An international monitor said other villages in the area were also coming under attack from the Serbs.


[ image:  ]
Louise Arbour, the chief prosecutor from the International Criminal Tribunal for the former Yugoslavia is expected to try to visit the village on Monday to inspect the evidence of the massacre.

Local villagers said the killings, mostly of men aged between 18 and 65, were carried out by Serb forces who rounded the group up on Friday night.

The Organisation for Security and Cooperation in Europe (OSCE), the body in charge of international monitors in Kosovo, has called an emergency meeting on Monday to discuss the growing crisis. It is expected to reiterate demands for unimpeded access for the Kosovo Verification Mission (KVM).

Investigators barred


Nato spokesman James Shea: "The focus is very much on President Milosevic at the moment"
Belgrade has so far refused to allow investigators from the tribunal into the troubled province but Ms Arbour has called on the Yugoslav authorities to allow her access to Racak.

Speaking in an interview with the French newspaper Liberation published on Monday, Ms Arbour warned that holding the position of head of state would not exonerate anyone held responsible for atrocities.


Jacky Rowland in Pristina talks to the Deputy Head of the KVM, Major General John Drewienkiewicz
"The international community did not set up this court to judge small fry," she is quoted as saying. "It expects it to make up for the inability of states to judge their own leaders if their responsibility was believed to be involved."

She said investigations by the ICTY were intended to reach "the highest possible level."

Tough message from generals

The two Nato Generals, Wesley Clark, the supreme allied commander in Europe, and Klaus Naumann, chairman of Nato's Military Committee, are expected to deliver a tough message to the Yugoslav authorities.

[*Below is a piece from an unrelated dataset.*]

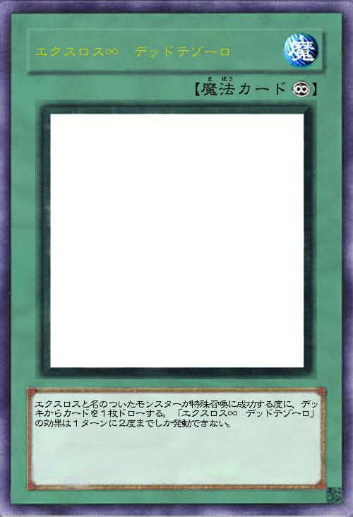 | エクスロスと名のついたモンスターが特殊召喚に成功する度に、デッキからカードを1枚ドローする。「エクスロス∞ デッドテゾーロ」の効果は1ターンに2度までしか発動できない。 | |||

Nato Secretary-General Javier Solana: Milosevic knows that Nato is a very credible organisation
Generals Clark and Naumann would "impress upon the Yugoslav authorities the gravity of the situation and their obligation to respect all their commitments to Nato" Nato Secretary-General Javier Solana said. Washington has given its backing to the mission.

On Sunday Nato condemned Friday's massacre as a "flagrant violation of international humanitarian law". The organisation is demanding full compliance with existing UN resolutions calling for an end to violence in the province and says that air strikes against Serbia, narrowly avoided last October, remain an option.

It is also seeking full and unrestricted access for Ms Arbour and a team of international forensic investigators to investigate reported atrocities.

"The council demands that the government of the Federal Republic of Yugoslavia take immediate steps to ensure that those responsible for this massacre are brought to justice," Mr Solana said.

Serbs dismiss reports


The BBC's Angus Roxburgh: "Air strikes against Serbia remain a possibility"
Serbia has dismissed reports of the massacre and said its forces came under attack while they were investigating the murder of a policeman.

The Serbian deputy prime minister said the police at Racak had only shot at "terrorists" who had opened fire at them. Vojislav Seselj said on Sunday that the Kosovo Albanian fighters had tricked KVM chief William Walker and Western media.

However, US President Bill Clinton and Mr Walker both blamed Serbian forces for the killings.